= Tianqi porcelain =

Type of Chinese porcelain

The bottom side of a teapot

Tianqi porcelain or ko sometsuke (古染付け) refers to Chinese underglaze blue porcelain made in the unofficial kilns of Jingdezhen for a largely Japanese market in the 17th century. The term Tianqi (天啓; Tenkei in Japanese) is a reference to the era name of the reign of the Tianqi Emperor (r. 1621–1628) during the late Ming dynasty, but the style and the name are not limited to his reign. Over the same period the related transitional porcelain was being made.

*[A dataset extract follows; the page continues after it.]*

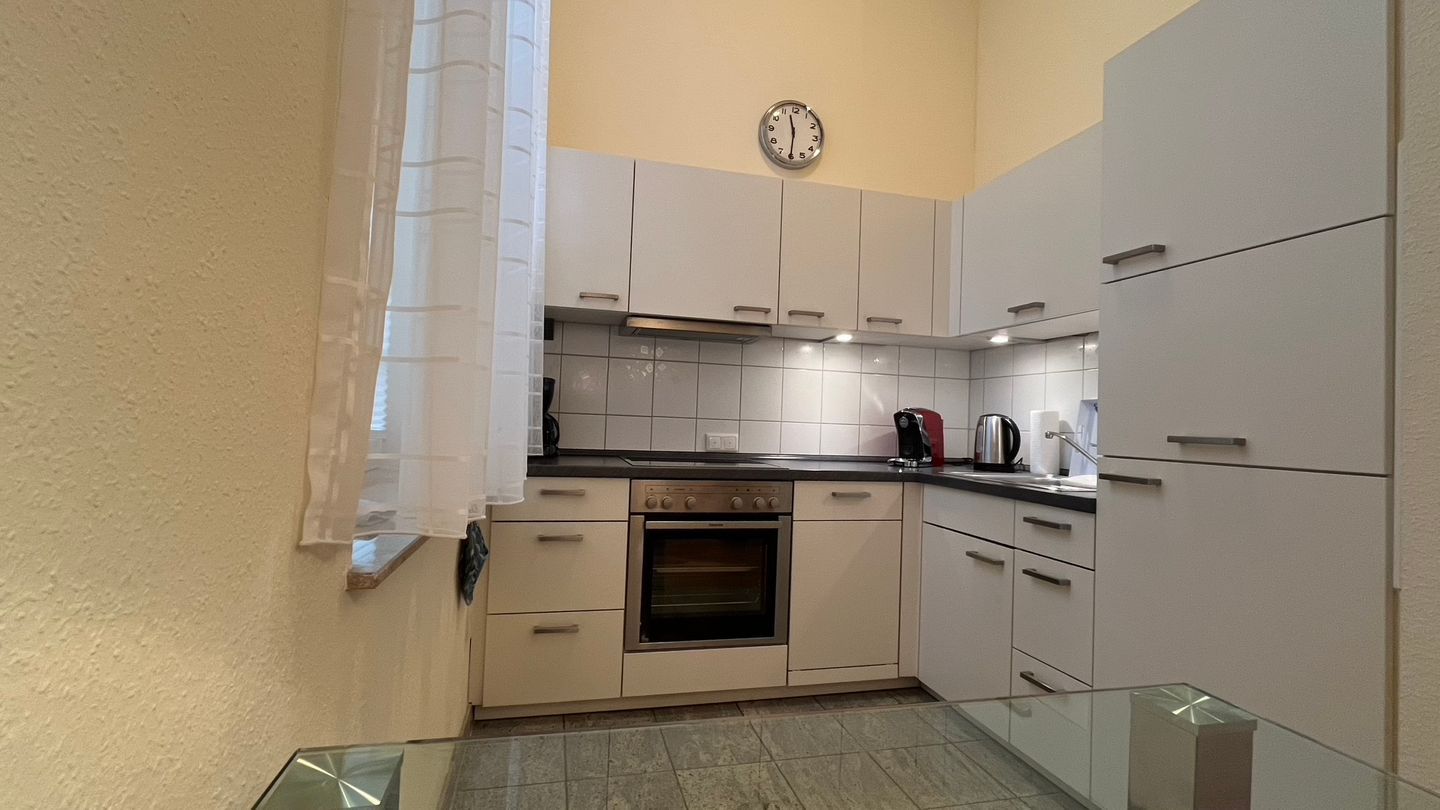 Diese liebevoll eingerichtete 43-m²-Unterkunft bietet den perfekten Rahmen für einen entspannten Urlaub. Der helle Wohnbereich mit offener Küchenzeile schafft eine einladende Atmosphäre, in der Sie sich sofort wie zu Hause fühlen. Die Küche ist vollständig ausgestattet und lässt Ihnen alle Freiheiten – vom schnellen Frühstück bis zum gemütlichen Abendessen.

Generally speaking, Tianqi porcelain was one variety of porcelain among various styles of the Jingdezhen unofficial kilns from the time of production breakdown of the official kilns at the death of the Wanli Emperor in 1620 to a time of reorganization in 1683 during the reign of the Kangxi Emperor during the Qing dynasty. The Tianqi ware, and other associated wares, display a refreshing spontaneity of design that makes them unique in Chinese ceramic history. The influence of the master landscape artist Dong Qichang (1555–1636) can be discerned in the use of a dark and light color contrast.

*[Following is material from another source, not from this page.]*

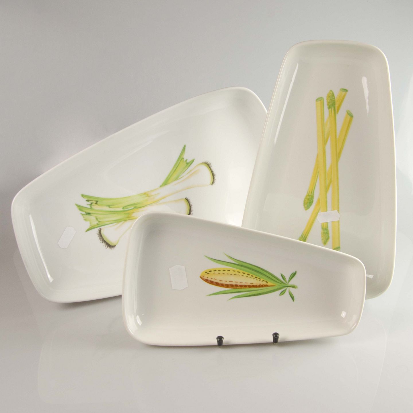 Mellem fad. Asparges motiv. H. 3,5 cm. L. 28 cm. B. 11-17 cm. Kr. 150,-

Designs for this ware are usually landscapes, birds and flowers, animals, and human figures. Sizes are usually small to mid-size flatware and bowls. Many examples of the ware were treasured in Japan as part of the tea ceremony culture. Many examples of this ware show an unmistakable Japanese influence and it is thought that they were especially ordered from Japan by period tea masters. This ware is also known in Japan as or "old blue-and white". Base inscriptions are usually those from previous reigns in the dynasty with a preference for the Chenghua reign mark.